Tools | pg_recovery design principle and source code interpretation

Keywords: MySQL

Author: Zhang Lianzhuang, PostgreSQL R & D Engineer

He has been engaged in the development of PostgreSQL database kernel for many years and has a very in-depth research on citus.

In the last issue, we introduced the PostgreSQL data retrieval tool: pg_reconvery

This article will take you to understand PG_ The implementation principle and design idea of recovery tool, and bring source code interpretation.

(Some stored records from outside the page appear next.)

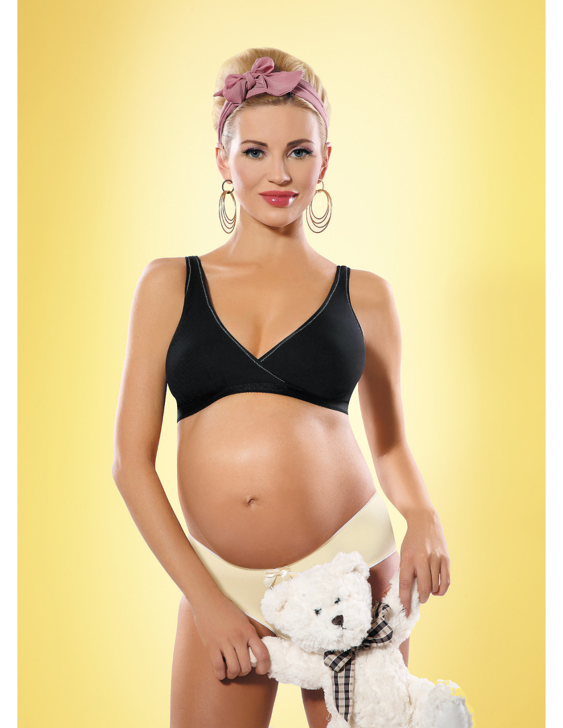 Liemenėlė žindančioms motinoms - minkštas kaušelis su švelniu raukšlėjimu - be petnešėlių - prisitaiko prie krūtų - apvadas su kabliuku ir akutėmis su trijų pakopų reguliavimu
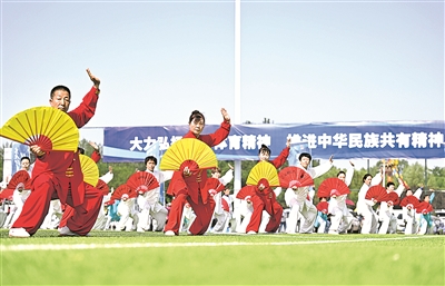 在宁夏银川市金凤区览山公园举行的全民健身主题活动上,群众参加百人功夫扇展演(2025年6月10日摄)。
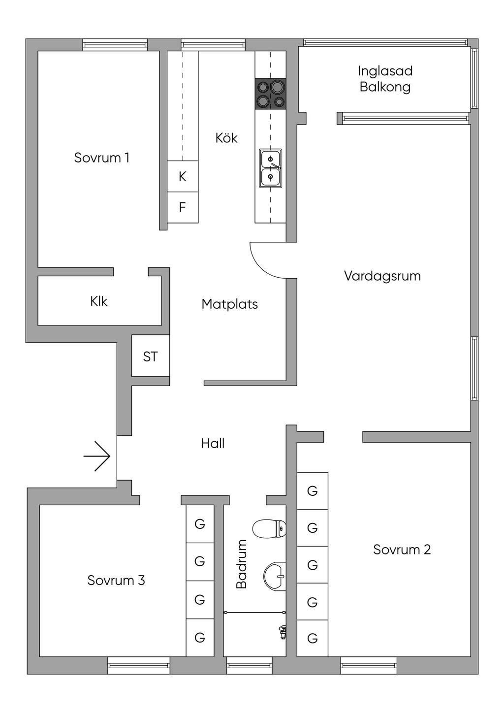 Perfekt gavel fyra med inglasad balkong i söderläge!
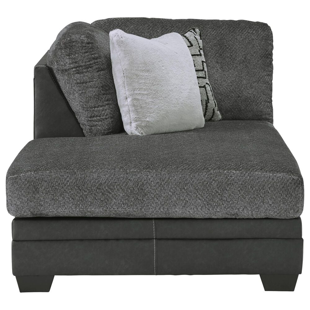 The Ashley 2 Piece Sectional in Brixley Pier Graphite is a stylish and contemporary furniture piece designed to enhance your living space. Ultra-contemporary with a chic and sleek look in dark neutrals. Combines cozy fabric with faux leather for a modern and inviting appearance.
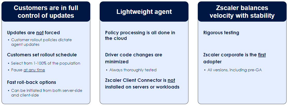 While no cloud vendor is immune to issues, Zscaler has multiple safeguards in place that dramatically lower the risk. While we have our own endpoint agent, its function and the types of updates we push to it are very different from endpoint security vendors:
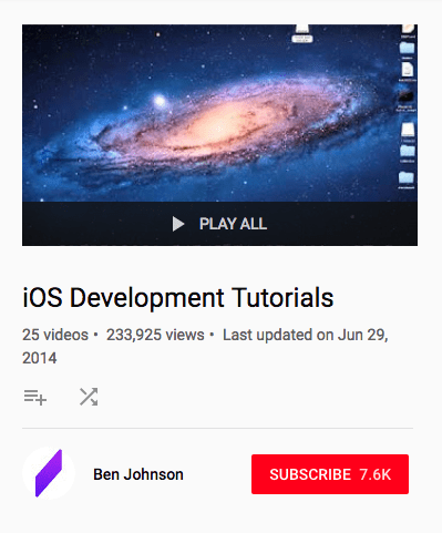 With less than 4,500 subscribers, this definitely isn’t the most popular channel on YouTube. But with that said, the tutorials are extremely informative. Even without a ton of subscribers, his iOS application development tutorial has more than 134,000 views.
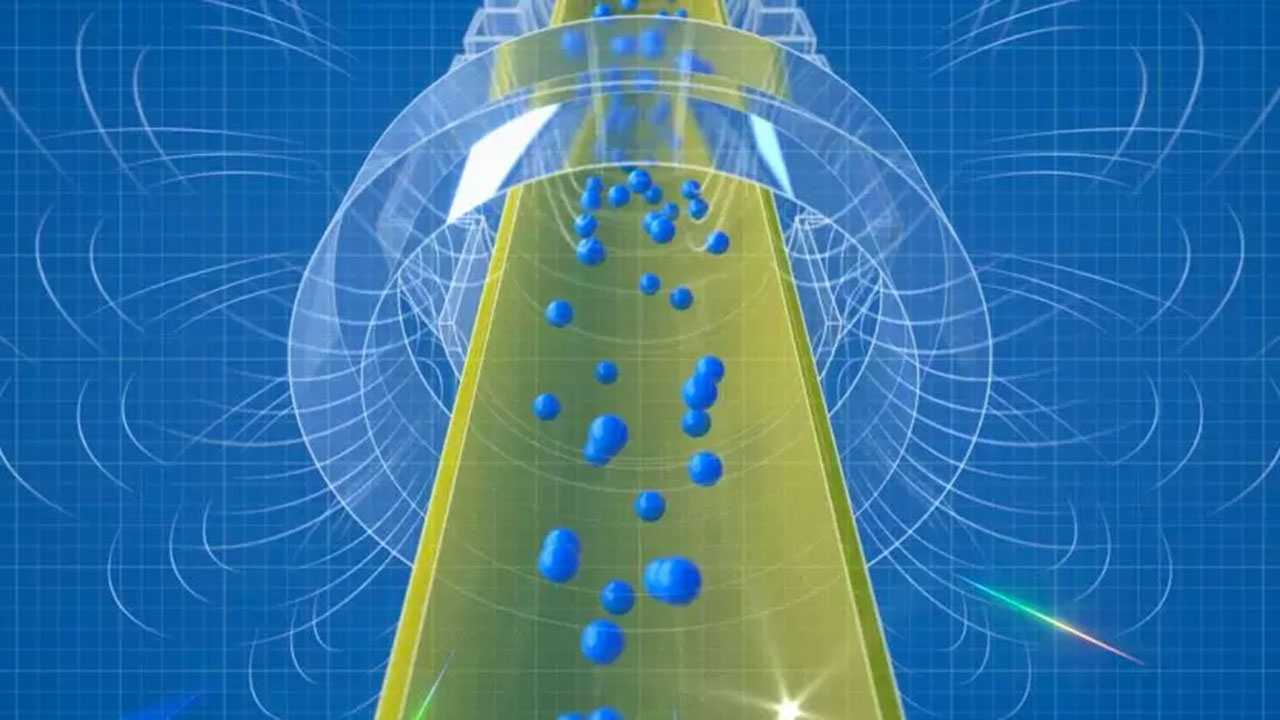 Un rendering concettuale degli atomi di anti-idrogeno che cadono dal fondo della trappola magnetica dell’apparato Alpha-g. Quando gli atomi di anti-idrogeno fuoriescono, toccano le pareti della trappola e si annichiliscono. La maggior parte delle annichilazioni avviene sul lato inferiore della trappola, a dimostrazione del fatto che la gravità attira l’anti-idrogeno verso il basso. Crediti: Keyi “Onyx” Li/U.S. National Science Foundation
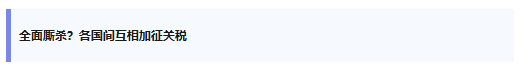 全球貿易局勢波譎云詭,海外諸多經濟體對中國加征關稅,已使我國相關產業面臨不小挑戰。然而,這一緊張態勢絕非僅局限于對中國的貿易政策,實際上,各經濟體之間也陷入了相互“廝殺”的局面。這其中不乏美國、歐盟、加拿大等彼此間的“針鋒相對”,這種錯綜復雜、相互交織的貿易摩擦,反映了當前全球貿易環境中的緊張關系和政策對抗。
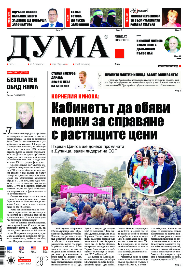 АБОНАМЕНТ за вестник „ДУМА“ за 2026 година. Можете да се абонирате в: „Български пощи“ АД до 15 декември 2025 г., „Доби прес“ ЕООД до 28 декември 2025 г., в редакцията на вестника до 20 декември 2025 г. Каталожен номер 6. Цени: 12 месеца - 149 € / 291,42 лв., 6 месеца - 75 € / 146,69 лв., 3 месеца - 40 € / 78,23 лв., 1 месец - 14 € / 27,38 лв. За повече информация тел. 02 9705 203 и 02 9705 216 отдел „Разпространение” на в-к ДУМА на ул. „Позитано” 20 А. E-mail: abonament@duma.bg АБОНАМЕНТ за вестник „ДУМА“ за 2026 година. Можете да се абонирате в: „Български пощи“ АД до 15 декември 2025 г., „Доби прес“ ЕООД до 28 декември 2025 г., в редакцията на вестника до 20 декември 2025 г. Каталожен номер 6. Цени: 12 месеца - 149 € / 291,42 лв., 6 месеца - 75 € / 146,69 лв., 3 месеца - 40 € / 78,23 лв., 1 месец - 14 € / 27,38 лв. За повече информация тел. 02 9705 203 и 02 9705 216 отдел „Разпространение” на в-к ДУМА на ул. „Позитано” 20 А. E-mail: abonament@duma.bg
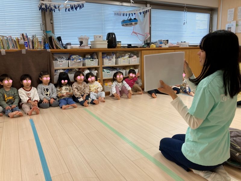 まず始めに動物の鳴き声を聞いて絵カードをみました!
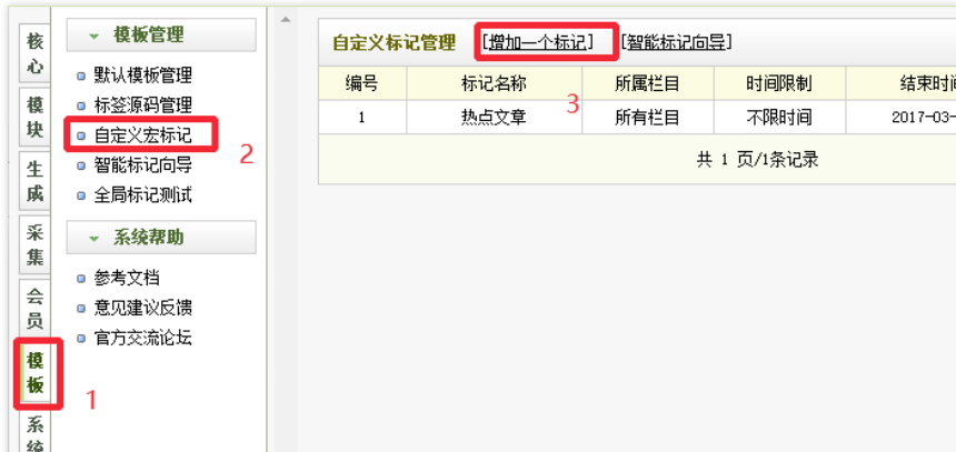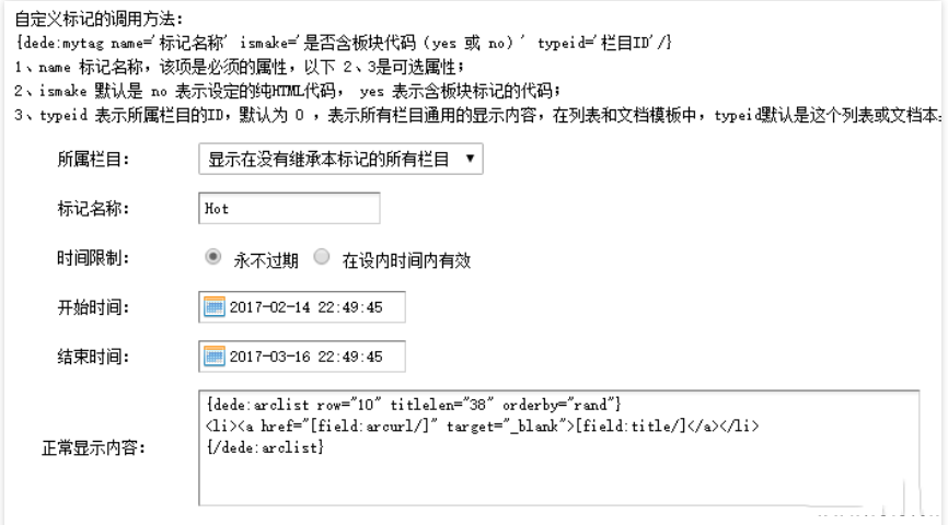 增加名为Hot的标记,在正常显示内容里面填写随机文章通用标签(orderby根据实际情况修改),其他默认即可。

|Implementation principle of data retrieval

The normal data reading method of a database system is to select * from PG_ When the recovery query starts (i.e. executing a transaction), the query operation will generate a snapshot of the transaction at the same time. You can see the currently visible data through the GetActiveSnapshot() function.

|Design ideas

1. How to read Dead tuple?

PostgreSQL determines the visibility of the current database data through snapshots. Therefore, when a piece of data is deleted, the data entity still exists in the database instance. Generally, this invisible data is called Dead tuple (a piece of data in PostgreSQL is called a tuple).

Special snapshots of SnapshotAny (and many other types) are available in PostgreSQL. This snapshot can read any data, pg_recovery is all data read in this way. By default, only recovery data is returned, and no visible data is returned.

2. How much data does the function return at a time?

The amount of data is returned by row and is limited to one row at a time.

3. How to control memory?

Functions are executed multiple times, and some states are global. Therefore, multi can be used_ call_ memory_ CTX (memory pool context) parameter to control memory.

About parameters of function

When creating a function through SQL, execute the following statement. Please refer to the previous issue for function usage.

CREATE FUNCTION pg_recovery(regclass, recoveryrow bool DEFAULT true) RETURNS SETOF record

regclass: the table type of PostgreSQL, which automatically converts the table name to OID (the unique identifier of the object inside the OID database), so you only need to enter the table name.

reconveryrow bool DEFAULT ture: the default value is true, which means that only recovery data is returned. The value is false, indicating that all data is returned.
Execute the following statement to modify the default value of the parameter.

select * from pg_recovery('aa', recoveryrow => false)

RETURNS SETOF record: the function returns row type data.

|Source code interpretation

Necessary data

typedef struct
    Relation            rel;    -- Table for the current operation
    TupleDesc           reltupledesc; -- Meta information of table
    TupleConversionMap  *map; -- The mapping diagram of a table, that is, the data of the table is mapped into custom returned columns
    TableScanDesc       scan; -- Scan table
    HTAB                *active_ctid; -- Of visible data ctid
    bool                droppedcolumn; -- Delete column
} pg_recovery_ctx;

Hide column

The hidden column of recoveryrow is added. When all information is returned, this column can be used to identify whether the data in this row is recovery data or user visible data.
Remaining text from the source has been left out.